** SOURCE MATERIAL follows **

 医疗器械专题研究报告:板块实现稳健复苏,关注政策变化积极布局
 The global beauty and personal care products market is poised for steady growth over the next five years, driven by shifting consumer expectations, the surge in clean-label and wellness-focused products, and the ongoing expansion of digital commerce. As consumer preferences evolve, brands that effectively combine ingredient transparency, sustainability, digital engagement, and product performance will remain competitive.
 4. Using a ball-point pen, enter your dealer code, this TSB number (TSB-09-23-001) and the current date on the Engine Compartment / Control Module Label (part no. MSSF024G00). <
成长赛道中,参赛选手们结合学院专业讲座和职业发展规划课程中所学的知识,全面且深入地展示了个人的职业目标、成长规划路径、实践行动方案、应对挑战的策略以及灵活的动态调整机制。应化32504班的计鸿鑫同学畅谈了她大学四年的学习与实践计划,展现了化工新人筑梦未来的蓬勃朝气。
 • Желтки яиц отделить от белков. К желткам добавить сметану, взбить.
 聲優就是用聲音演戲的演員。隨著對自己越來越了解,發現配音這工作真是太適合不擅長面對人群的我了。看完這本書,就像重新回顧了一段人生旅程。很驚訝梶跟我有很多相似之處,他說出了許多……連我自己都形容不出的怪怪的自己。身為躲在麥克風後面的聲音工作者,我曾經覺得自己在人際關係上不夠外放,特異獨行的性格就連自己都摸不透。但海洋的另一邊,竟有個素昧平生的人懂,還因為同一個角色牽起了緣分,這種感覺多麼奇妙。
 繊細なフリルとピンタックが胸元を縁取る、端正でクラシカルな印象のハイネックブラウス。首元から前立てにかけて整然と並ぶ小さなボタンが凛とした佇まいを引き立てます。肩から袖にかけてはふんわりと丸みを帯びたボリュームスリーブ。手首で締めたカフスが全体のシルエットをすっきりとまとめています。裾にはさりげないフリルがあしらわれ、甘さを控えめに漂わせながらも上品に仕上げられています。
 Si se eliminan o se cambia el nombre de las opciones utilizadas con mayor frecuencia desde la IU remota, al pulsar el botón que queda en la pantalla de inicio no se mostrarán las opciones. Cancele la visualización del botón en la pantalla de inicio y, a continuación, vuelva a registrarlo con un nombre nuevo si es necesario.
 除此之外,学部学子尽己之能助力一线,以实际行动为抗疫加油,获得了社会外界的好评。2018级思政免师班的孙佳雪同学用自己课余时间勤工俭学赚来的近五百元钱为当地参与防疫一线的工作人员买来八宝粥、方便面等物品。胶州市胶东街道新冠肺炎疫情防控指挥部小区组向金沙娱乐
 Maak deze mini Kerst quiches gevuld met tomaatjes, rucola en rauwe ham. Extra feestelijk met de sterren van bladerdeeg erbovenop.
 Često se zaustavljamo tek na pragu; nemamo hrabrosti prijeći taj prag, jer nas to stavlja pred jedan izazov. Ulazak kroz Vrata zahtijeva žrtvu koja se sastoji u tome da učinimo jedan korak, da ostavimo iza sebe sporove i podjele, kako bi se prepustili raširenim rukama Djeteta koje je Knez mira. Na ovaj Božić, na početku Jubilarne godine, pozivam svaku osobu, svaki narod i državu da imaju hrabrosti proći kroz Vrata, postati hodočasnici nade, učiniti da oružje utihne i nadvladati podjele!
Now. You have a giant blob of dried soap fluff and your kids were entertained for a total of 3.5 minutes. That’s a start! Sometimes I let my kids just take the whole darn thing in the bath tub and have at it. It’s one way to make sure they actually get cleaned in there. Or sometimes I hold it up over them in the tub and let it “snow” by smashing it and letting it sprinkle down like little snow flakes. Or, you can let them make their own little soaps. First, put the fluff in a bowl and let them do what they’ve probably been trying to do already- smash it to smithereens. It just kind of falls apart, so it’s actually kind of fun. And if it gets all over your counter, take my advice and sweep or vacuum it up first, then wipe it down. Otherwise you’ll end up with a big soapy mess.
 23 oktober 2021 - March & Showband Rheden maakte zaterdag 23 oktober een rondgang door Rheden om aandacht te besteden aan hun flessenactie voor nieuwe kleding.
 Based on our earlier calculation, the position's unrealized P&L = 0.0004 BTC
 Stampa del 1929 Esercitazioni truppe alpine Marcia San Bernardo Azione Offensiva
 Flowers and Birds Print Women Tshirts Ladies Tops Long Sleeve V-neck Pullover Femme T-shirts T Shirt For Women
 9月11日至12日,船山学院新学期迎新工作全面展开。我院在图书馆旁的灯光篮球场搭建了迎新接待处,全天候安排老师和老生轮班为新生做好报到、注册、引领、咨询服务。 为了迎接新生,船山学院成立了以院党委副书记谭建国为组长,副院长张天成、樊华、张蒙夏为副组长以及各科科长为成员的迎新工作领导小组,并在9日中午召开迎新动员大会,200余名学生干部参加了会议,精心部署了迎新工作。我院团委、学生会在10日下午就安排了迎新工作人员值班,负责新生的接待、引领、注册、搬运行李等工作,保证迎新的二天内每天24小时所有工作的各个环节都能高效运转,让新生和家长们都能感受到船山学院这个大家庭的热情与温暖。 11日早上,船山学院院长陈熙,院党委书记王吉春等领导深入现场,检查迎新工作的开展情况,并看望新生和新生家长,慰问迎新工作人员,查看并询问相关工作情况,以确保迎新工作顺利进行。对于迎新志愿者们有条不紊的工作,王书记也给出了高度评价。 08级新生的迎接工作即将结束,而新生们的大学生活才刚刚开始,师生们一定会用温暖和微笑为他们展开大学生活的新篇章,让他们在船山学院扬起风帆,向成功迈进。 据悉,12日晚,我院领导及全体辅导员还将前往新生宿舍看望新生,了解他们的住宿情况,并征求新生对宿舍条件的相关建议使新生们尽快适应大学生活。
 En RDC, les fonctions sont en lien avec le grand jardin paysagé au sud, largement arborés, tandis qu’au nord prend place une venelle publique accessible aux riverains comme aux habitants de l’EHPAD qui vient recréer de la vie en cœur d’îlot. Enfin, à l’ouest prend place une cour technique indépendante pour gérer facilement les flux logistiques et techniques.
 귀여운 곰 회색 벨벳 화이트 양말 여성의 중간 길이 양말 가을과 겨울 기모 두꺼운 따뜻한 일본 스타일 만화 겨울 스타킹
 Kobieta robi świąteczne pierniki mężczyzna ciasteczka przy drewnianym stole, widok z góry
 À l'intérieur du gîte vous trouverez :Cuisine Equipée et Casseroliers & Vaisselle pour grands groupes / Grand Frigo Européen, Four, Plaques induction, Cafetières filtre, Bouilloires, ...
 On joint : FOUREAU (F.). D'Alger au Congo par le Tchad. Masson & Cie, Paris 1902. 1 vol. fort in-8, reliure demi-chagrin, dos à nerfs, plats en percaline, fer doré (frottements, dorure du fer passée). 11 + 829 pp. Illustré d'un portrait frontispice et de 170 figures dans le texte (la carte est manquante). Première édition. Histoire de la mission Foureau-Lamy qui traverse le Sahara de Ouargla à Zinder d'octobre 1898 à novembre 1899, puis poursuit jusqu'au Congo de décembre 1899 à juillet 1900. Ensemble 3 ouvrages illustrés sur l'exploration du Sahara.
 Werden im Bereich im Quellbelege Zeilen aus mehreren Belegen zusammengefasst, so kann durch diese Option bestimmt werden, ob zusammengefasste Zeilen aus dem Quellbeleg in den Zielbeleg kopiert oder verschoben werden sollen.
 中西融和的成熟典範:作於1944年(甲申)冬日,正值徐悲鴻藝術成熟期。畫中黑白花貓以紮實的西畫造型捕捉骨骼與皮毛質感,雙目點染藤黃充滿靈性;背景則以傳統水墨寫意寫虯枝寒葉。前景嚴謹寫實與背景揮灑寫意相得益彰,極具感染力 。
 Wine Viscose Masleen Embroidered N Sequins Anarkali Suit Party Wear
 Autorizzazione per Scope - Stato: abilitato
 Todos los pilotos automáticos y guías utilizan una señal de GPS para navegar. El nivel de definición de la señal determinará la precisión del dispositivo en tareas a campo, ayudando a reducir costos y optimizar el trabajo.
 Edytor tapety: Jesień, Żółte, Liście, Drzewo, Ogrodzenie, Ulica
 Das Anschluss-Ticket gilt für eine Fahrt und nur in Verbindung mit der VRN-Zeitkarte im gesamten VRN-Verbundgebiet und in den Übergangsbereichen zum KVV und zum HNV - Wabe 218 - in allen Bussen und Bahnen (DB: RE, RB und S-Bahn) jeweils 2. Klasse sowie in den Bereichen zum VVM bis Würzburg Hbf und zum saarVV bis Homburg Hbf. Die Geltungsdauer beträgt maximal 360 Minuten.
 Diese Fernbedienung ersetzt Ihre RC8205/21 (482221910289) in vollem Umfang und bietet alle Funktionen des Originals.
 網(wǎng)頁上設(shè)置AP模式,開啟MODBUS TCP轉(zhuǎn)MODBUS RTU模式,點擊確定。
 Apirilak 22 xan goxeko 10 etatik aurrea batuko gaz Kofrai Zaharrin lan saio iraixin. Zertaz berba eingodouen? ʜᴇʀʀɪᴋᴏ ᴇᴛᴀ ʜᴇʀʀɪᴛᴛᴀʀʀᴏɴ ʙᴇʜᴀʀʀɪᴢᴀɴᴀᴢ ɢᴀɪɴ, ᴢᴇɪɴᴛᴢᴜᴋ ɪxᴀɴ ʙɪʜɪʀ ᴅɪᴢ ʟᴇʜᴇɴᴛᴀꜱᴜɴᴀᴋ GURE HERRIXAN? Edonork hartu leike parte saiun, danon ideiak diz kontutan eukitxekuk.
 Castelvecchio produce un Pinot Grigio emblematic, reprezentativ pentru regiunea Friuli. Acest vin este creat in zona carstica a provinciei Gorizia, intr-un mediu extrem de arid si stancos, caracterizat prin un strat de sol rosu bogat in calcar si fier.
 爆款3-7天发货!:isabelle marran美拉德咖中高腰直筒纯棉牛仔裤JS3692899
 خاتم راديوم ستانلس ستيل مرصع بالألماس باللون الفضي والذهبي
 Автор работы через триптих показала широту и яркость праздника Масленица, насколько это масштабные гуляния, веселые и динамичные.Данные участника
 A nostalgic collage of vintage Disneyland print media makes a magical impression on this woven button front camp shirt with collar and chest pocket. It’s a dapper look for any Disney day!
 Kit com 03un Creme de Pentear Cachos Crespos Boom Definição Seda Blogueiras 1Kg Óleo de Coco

** End of SOURCE MATERIAL **

## DIRECTIONS FOR THIS TASK
Return word for word the lines above from the line with "4. Using a ball-point" to the line with "Maak deze mini", including both and leaving out all others.

## ANSWER BOX
 4. Using a ball-point pen, enter your dealer code, this TSB number (TSB-09-23-001) and the current date on the Engine Compartment / Control Module Label (part no. MSSF024G00). <
成长赛道中,参赛选手们结合学院专业讲座和职业发展规划课程中所学的知识,全面且深入地展示了个人的职业目标、成长规划路径、实践行动方案、应对挑战的策略以及灵活的动态调整机制。应化32504班的计鸿鑫同学畅谈了她大学四年的学习与实践计划,展现了化工新人筑梦未来的蓬勃朝气。
 • Желтки яиц отделить от белков. К желткам добавить сметану, взбить.
 聲優就是用聲音演戲的演員。隨著對自己越來越了解,發現配音這工作真是太適合不擅長面對人群的我了。看完這本書,就像重新回顧了一段人生旅程。很驚訝梶跟我有很多相似之處,他說出了許多……連我自己都形容不出的怪怪的自己。身為躲在麥克風後面的聲音工作者,我曾經覺得自己在人際關係上不夠外放,特異獨行的性格就連自己都摸不透。但海洋的另一邊,竟有個素昧平生的人懂,還因為同一個角色牽起了緣分,這種感覺多麼奇妙。
 繊細なフリルとピンタックが胸元を縁取る、端正でクラシカルな印象のハイネックブラウス。首元から前立てにかけて整然と並ぶ小さなボタンが凛とした佇まいを引き立てます。肩から袖にかけてはふんわりと丸みを帯びたボリュームスリーブ。手首で締めたカフスが全体のシルエットをすっきりとまとめています。裾にはさりげないフリルがあしらわれ、甘さを控えめに漂わせながらも上品に仕上げられています。
 Si se eliminan o se cambia el nombre de las opciones utilizadas con mayor frecuencia desde la IU remota, al pulsar el botón que queda en la pantalla de inicio no se mostrarán las opciones. Cancele la visualización del botón en la pantalla de inicio y, a continuación, vuelva a registrarlo con un nombre nuevo si es necesario.
 除此之外,学部学子尽己之能助力一线,以实际行动为抗疫加油,获得了社会外界的好评。2018级思政免师班的孙佳雪同学用自己课余时间勤工俭学赚来的近五百元钱为当地参与防疫一线的工作人员买来八宝粥、方便面等物品。胶州市胶东街道新冠肺炎疫情防控指挥部小区组向金沙娱乐
 Maak deze mini Kerst quiches gevuld met tomaatjes, rucola en rauwe ham. Extra feestelijk met de sterren van bladerdeeg erbovenop.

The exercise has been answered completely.